Ugly Animal Friend #7: Mantids. I personally think mantids are attractive, as insects go. As insects go, they’re also intelligent; people have kept them as pets and trained them to walk about on leashes and take bits of ground meat from spoons. They’re on this list because some people think they look “scary” rather than pretty.

Mantids’ habits are not exactly appealing. They grab and eat any other insect that moves within range. Many female mantids literally bite their mates’ heads off, while mating, but this is pardonable; male mantids can mate just as effectively without their heads, and wouldn’t live long afterward anyway. Both male and female mantids also hatch out of egg clusters in ravenous little swarms, in which the stronger siblings eat as many of the slower-moving siblings as they can catch, which is less pardonable. Apart from that, however, their gluttony makes mantids very useful in a garden. Mantids don’t bite warm-blooded animals, but devour pest and nuisance insects.

Ugly Animal Friend #8: Earthworms. There are different species and even different genera of earthworms. All of them are basically tubes of muscle that take in soil at one end and cast it out the other, aerating and improving the soil as they go. You don’t have to build a bin for indoor earthworms to help turn vegetable scraps into compost (the worms won’t actually eat the vegetable scraps until they are compost), to be “Green,” but you can; the worms want to stay in the soil and, if they do get out, can’t bite or sting or even scratch. Large fish and almost all birds will happily control the population density, if you choose to raise earthworms.

Ugly Animal Friend #9: Woodlice, a.k.a. pill bugs (some can roll up in a ball, some can’t). These little parts of nature’s recycling process are often found on the undersides of damp, rotting wood. If the wood happens to be part of your house, shed, or garden furniture, or if you plan to use it to build something, you will want to discourage woodlice by taking steps to reduce the dampness and decay. There’s no need to do anything about the woodlice themselves. They have their place in the world, and stick to it. It’s the damp and mold that damage wood; woodlice can only eat what’s already damaged beyond repair.

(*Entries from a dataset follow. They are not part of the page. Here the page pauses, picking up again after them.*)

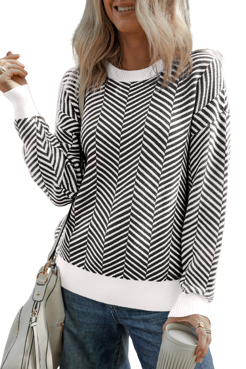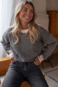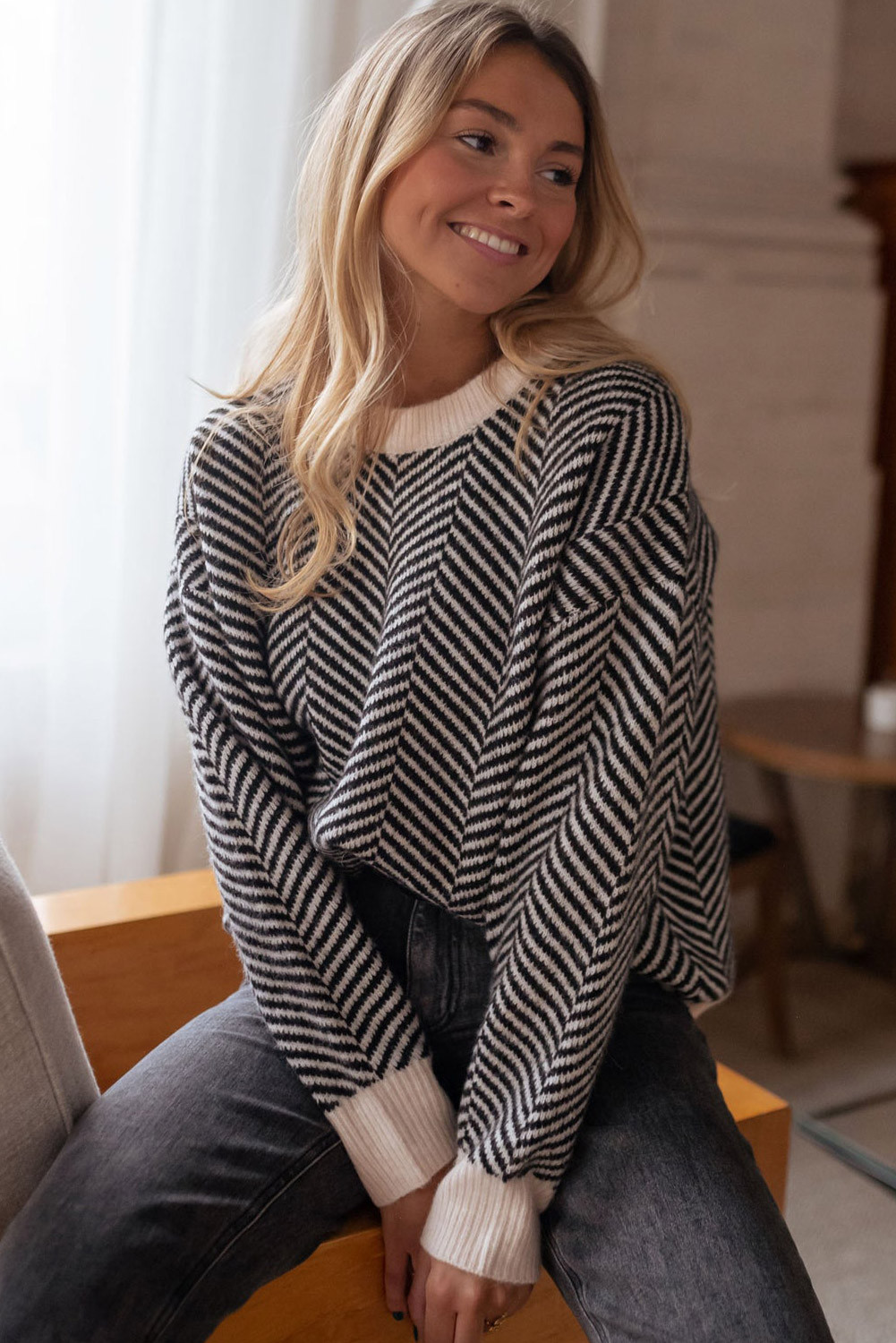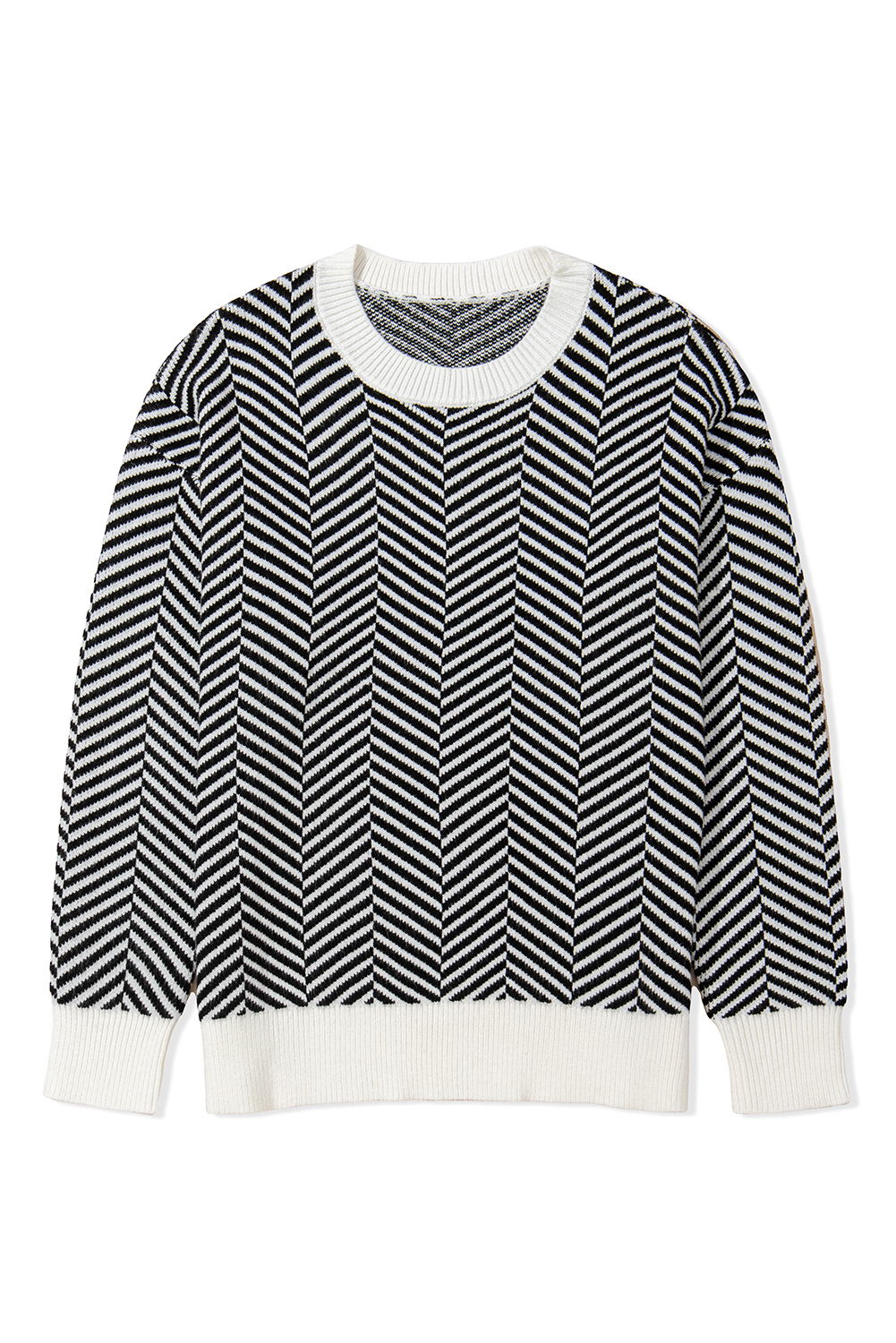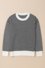 Suéter preto contrastante com gola redonda e ombro caído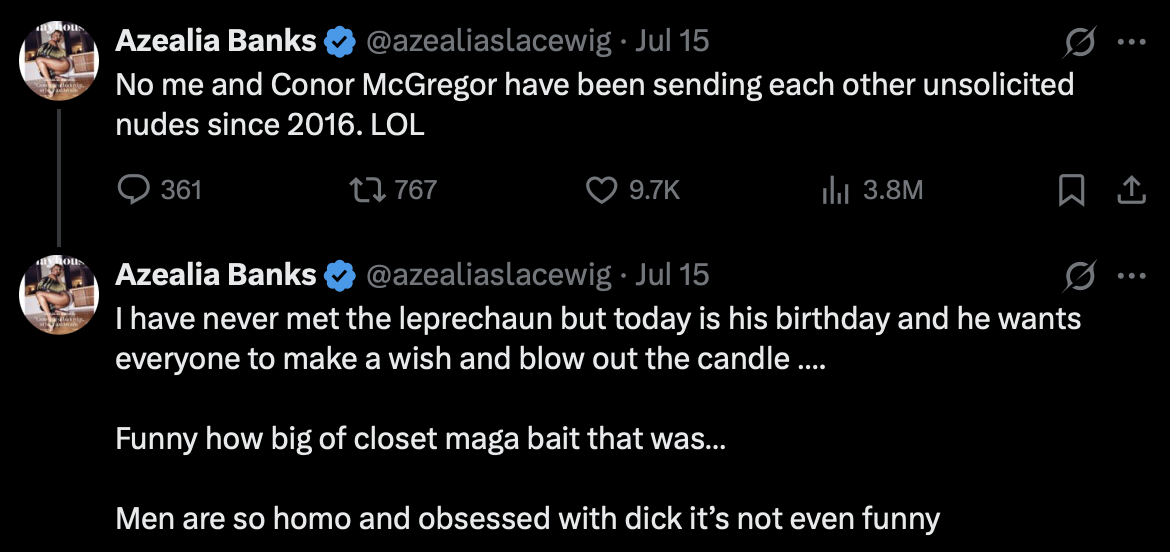 Rapper/singer and perennial troublemaker Azealia Banks made headlines on July 15 after publicly accusing MMA fighter Conor McGregor of sending her “unsolicited nudes.” The controversial artist took to X (formerly Twitter) to share her claims, igniting a wave of social media reaction.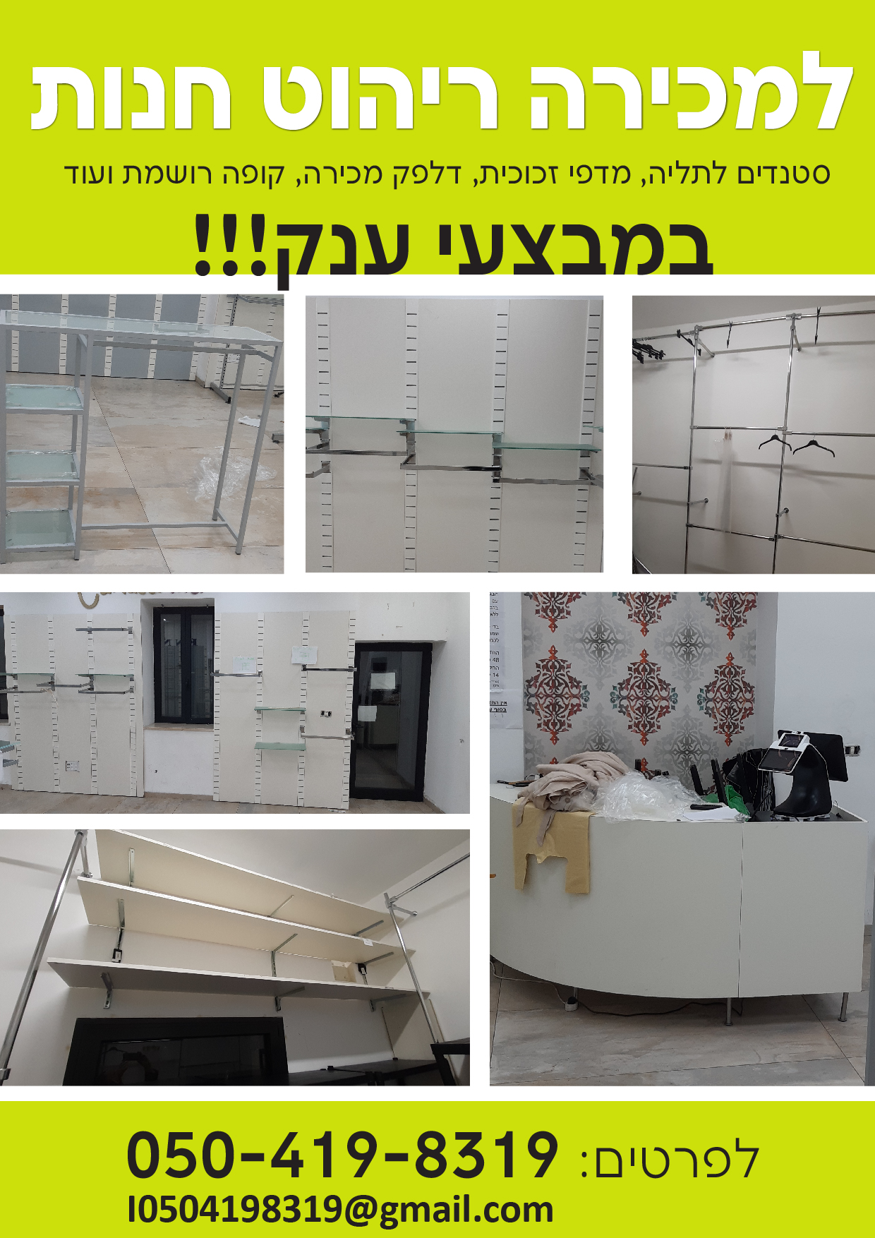 ריהוט חנות בסטייל, למכירה עקב סגירת חנות.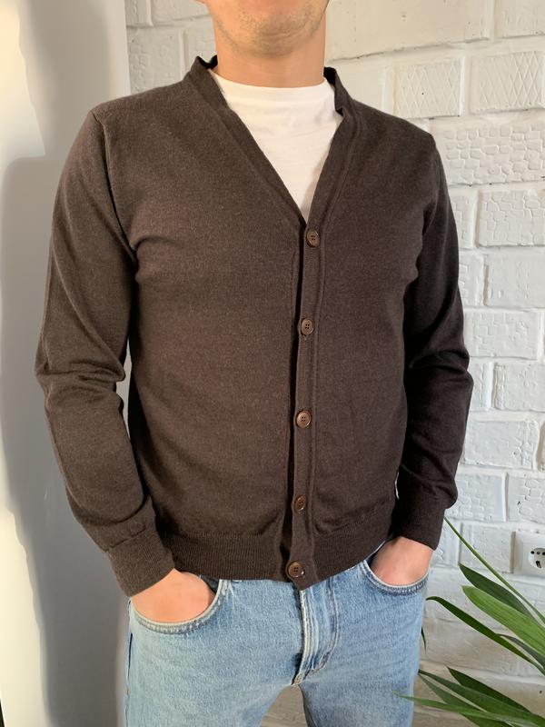 Стильний кардиган італійського бренду Conte of Florence! Підійде на хлопця з параметрами: довжина по спині: 63 см, напівобхват грудей: 50 см, плечі: 39 см довжина рукава від плеча: 60 см Стан нового!
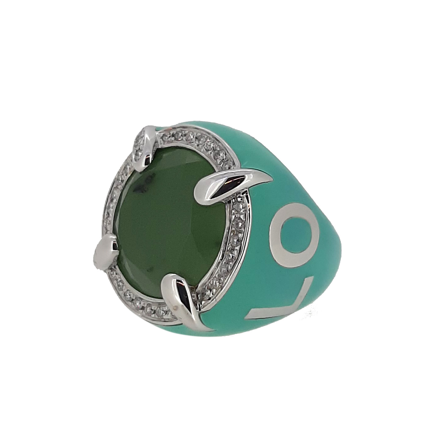 Anello Collezione Pace Amore In Oro, Diamanti, Smalto E Giada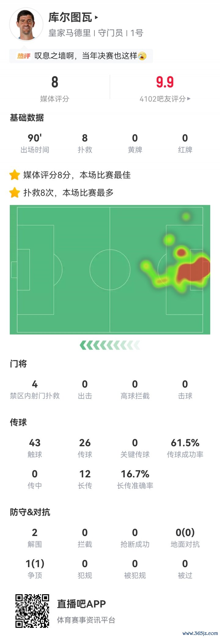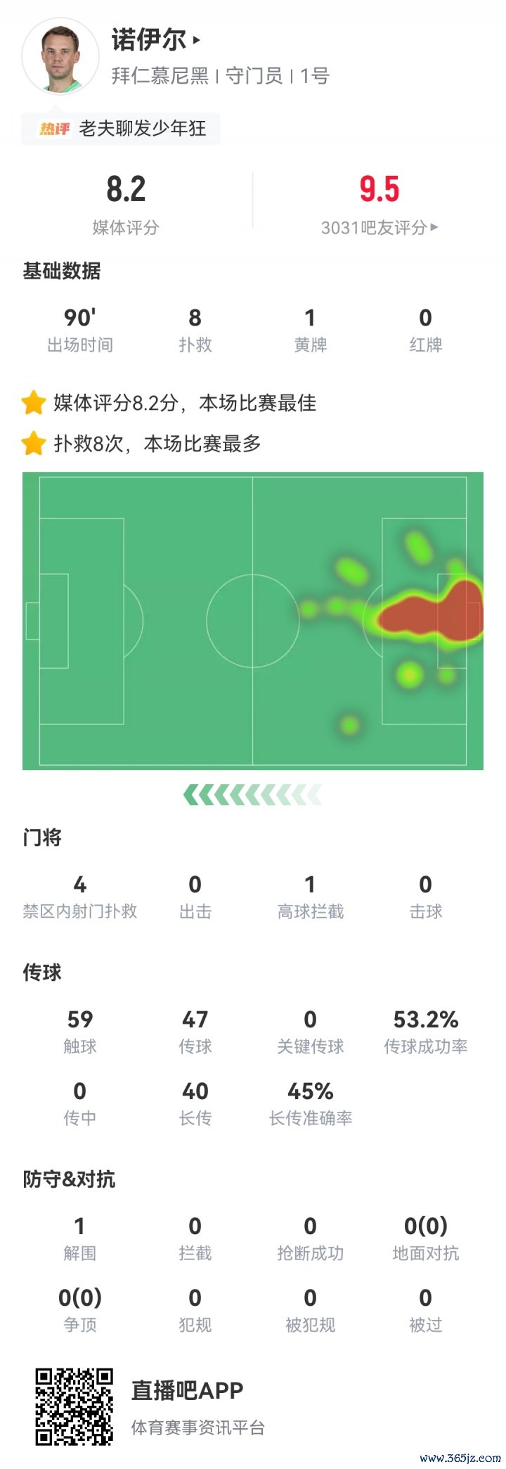 赛后评分机构Sofascore晒出了两位守门员的评分,苏超直播在线观看诺伊尔8.2分,库尔图瓦8.0分。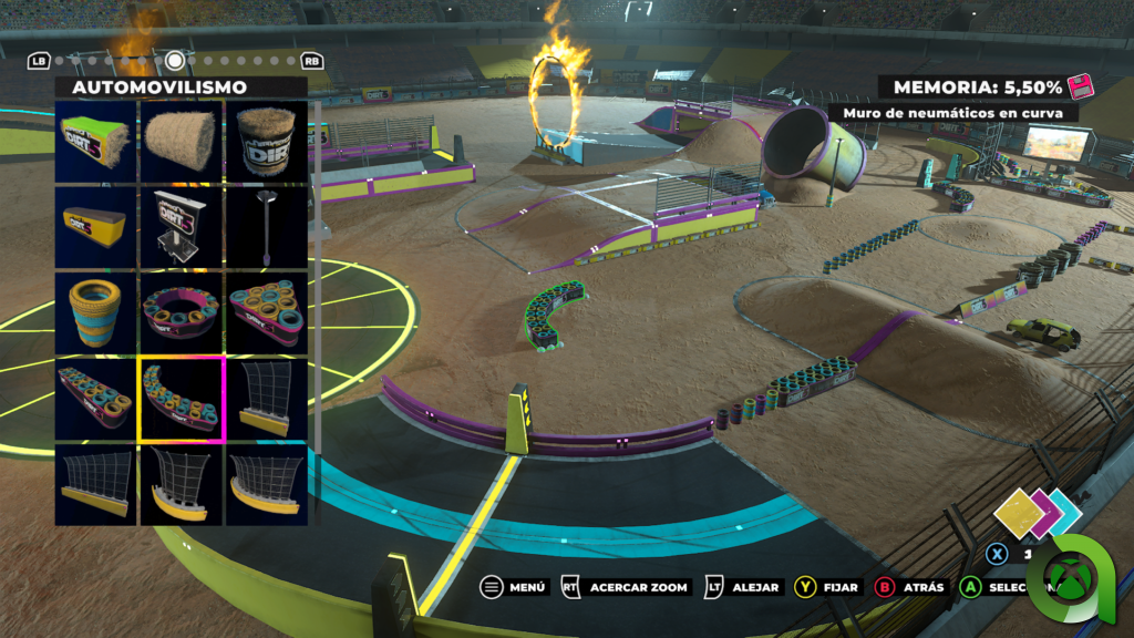 Playgrounds es quizá la principal y más interesante novedad en DIRT 5. Permitirá a los usuarios crear, editar y competir en todo tipo de arenas personalizadas. Ya os adelanto que mi experiencia ha sido francamente satisfactoria, puesto que el juego ofrece las suficientes posibilidades. Es posible escoger entre escenarios de diferentes tamaños, contando con todo tipo de rampas, carteles, vallas, y un sinfín de objetos con los que montar una pista al gusto. Una vez construido, podemos jugarlo de tres formas; Gymkhana (puntuación), Gate Crasher (puntos de control), Smash Attack (búsqueda contrarreloj de objetos rompibles).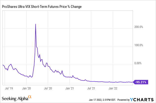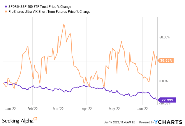 Unsurprisingly, funds such as UVXY have benefited in the near term from a combination of lower short-term futures prices and heightened market fears. As of mid-June, UVXY was up more than 30% YTD while the S&P 500 was down nearly 23%.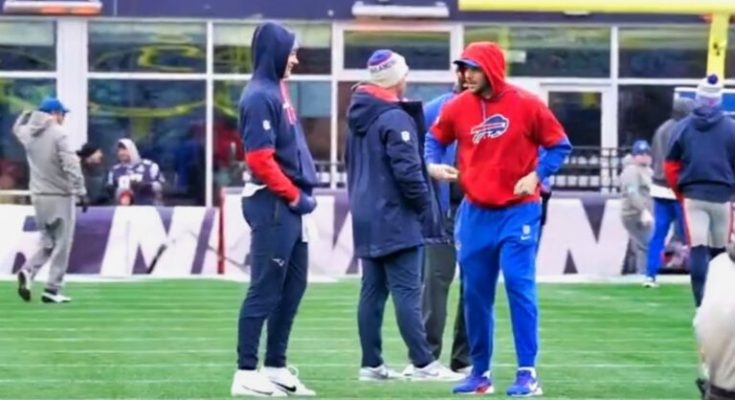 Josh Allen appears to be coaching up Drake Maye before the game.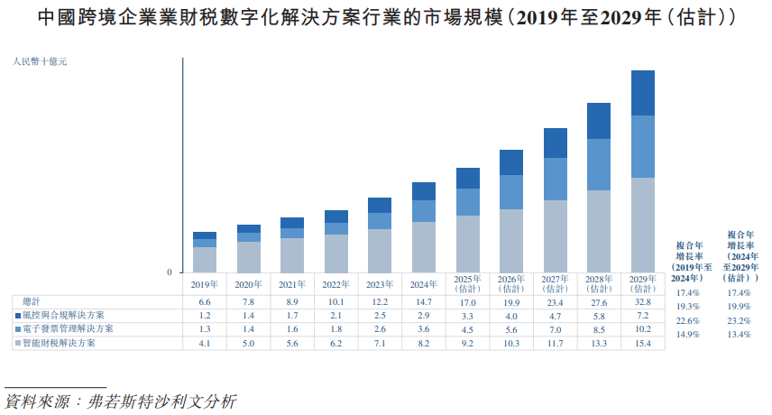 根据弗若斯特沙利文(Frost & Sullivan)报告,中国跨境企业业财税数字化解决方案行业的市场规模从2019年的人民币66亿元增长至2024年的人民币147亿元,复合年增长率为17.4%。预计到2029年,市场规模达到人民币328亿元。

Ugly Animal Friend #10: Bumblebees. These small, fat, ground-nesting bees have very little direct impact on human lives, good or bad, but they pollinate many useful wild plants. Some bumblebees have stings that humans can feel; most of the bumblebees who could sting humans never do.

Bumblebees are not to be confused with carpenter bees, which are similar in shape and color, but much larger. Carpenter bees are basically solitary, although several individuals may use the same tree or building. They eat and nest in unfinished wood. They seldom really damage buildings, but may invite further damage by antsand termites; so, although they pollinate wildflowers,they’re also a nuisance. Male carpenter bees don’t sting. Females do. Both sexes will bite in self-defense. “Greenies” are more concerned about painting and varnishing wood to discourage carpenter bees than we are about killing carpenter bees, although many “Greenies” will crush a carpenter bee when the opportunity appears.